Start of Block

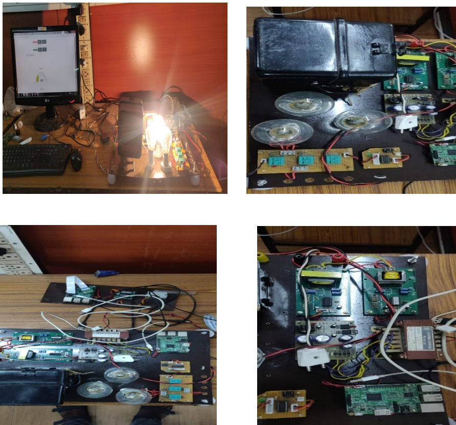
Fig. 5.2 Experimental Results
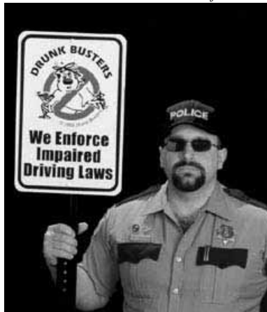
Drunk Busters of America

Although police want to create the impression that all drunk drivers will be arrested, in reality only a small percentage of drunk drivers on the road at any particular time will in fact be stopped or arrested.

End of Block
Start of Block

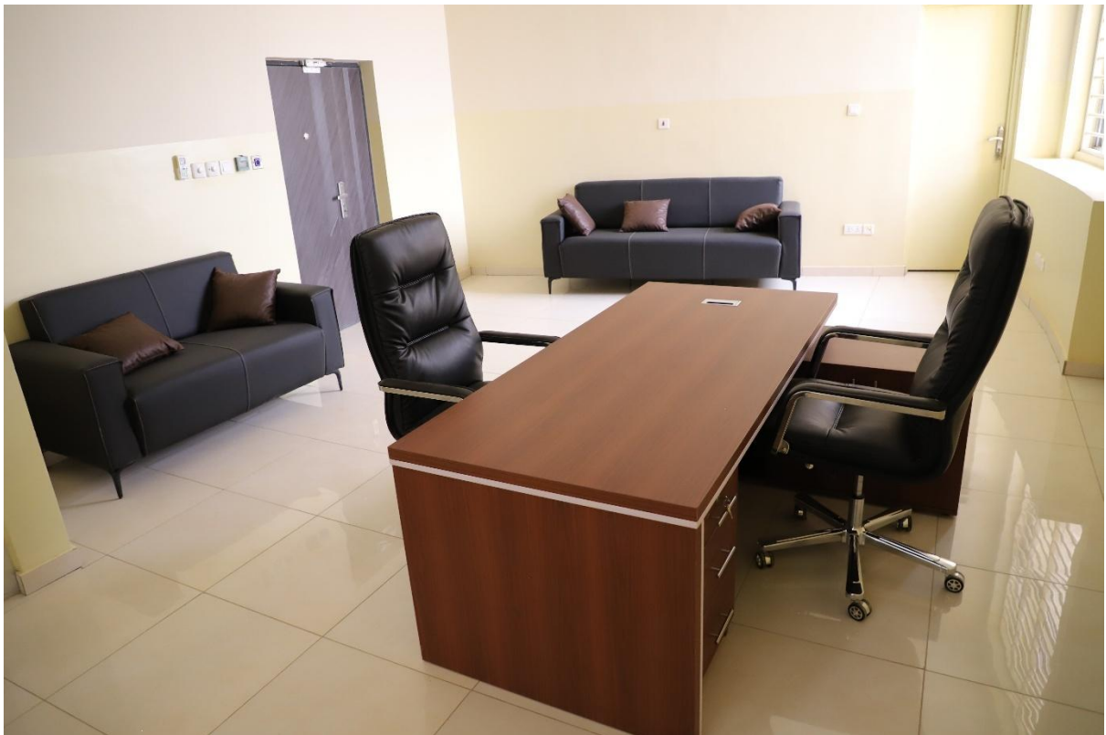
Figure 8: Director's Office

End of Block
Start of Block

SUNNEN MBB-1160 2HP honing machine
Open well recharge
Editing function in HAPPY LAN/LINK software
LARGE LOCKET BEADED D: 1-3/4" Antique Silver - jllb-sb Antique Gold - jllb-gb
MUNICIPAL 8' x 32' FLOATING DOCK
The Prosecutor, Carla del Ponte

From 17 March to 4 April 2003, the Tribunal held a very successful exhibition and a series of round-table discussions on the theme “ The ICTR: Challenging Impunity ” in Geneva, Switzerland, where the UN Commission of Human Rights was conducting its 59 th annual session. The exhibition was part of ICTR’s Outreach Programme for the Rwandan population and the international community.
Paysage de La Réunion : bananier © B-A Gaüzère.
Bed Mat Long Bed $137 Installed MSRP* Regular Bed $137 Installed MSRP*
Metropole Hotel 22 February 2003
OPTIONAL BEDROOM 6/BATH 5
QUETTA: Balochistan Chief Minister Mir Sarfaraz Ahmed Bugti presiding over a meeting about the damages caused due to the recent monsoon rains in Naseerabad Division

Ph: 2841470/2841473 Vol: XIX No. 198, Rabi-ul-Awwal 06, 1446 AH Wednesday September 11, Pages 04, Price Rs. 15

End of Block

**GOAL OF THE EXERCISE**:
In the entries above, every line from the line with "Fig. 5.2 Experimental Results" to the line with "Although police want" is to be printed exactly, with both ends included and pictures excluded.

**EXPECTED ANSWER**:
Fig. 5.2 Experimental Results
Drunk Busters of America

Although police want to create the impression that all drunk drivers will be arrested, in reality only a small percentage of drunk drivers on the road at any particular time will in fact be stopped or arrested.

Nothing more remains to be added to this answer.